Além da segurança da interação da metamask em si, outras recomendações de segurança incluem:
1. A chave privada e a frase mnemônica não podem ser divulgadas em nenhuma circunstância, e não use a área de transferência para copiar, nem pode tirar fotos, capturas de tela ou armazená-las em um disco de rede. Lembre-se de que a chave privada ou frase mnemônica é tudo que está na sua carteira
2. Separe carteiras quentes e frias. Todas as transações devem ser feitas em carteiras quentes, apenas realizando operações de transferência de entrada e saída. Se você quiser vender um NFT em uma carteira fria, você prefere gastar um pouco de gás para transferi-lo. para a carteira quente primeiro.

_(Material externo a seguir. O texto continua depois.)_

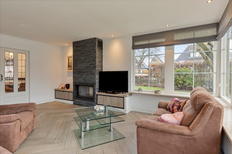 Via de suitedeuren komen we in de gezellige woonkamer met tuindeuren naar het terras en open haard. Het vele glas in de erker zorgt voor een lekker lichte ruimte met uitzicht op de fraaie tuin. Woonkamer, keuken, hal en toilet hebben een fraaie keramische parketvloer met vloerverwarming voor het nodige comfort.

3. Ao cunhar ou experimentar alguns dApps, é melhor usar uma carteira pequena
4. É melhor armazenar grandes quantidades de ativos em bolsas ou carteiras de hardware. As frases mnemônicas para carteiras de hardware só podem ser escritas à mão e não podem ser armazenadas na Internet.
Espero que todos sejam felizes no mundo criptográfico e protejam suas carteiras. Se isso acontecer, remova a chave imediatamente. conteúdo da carteira, as carteiras estão obsoletas.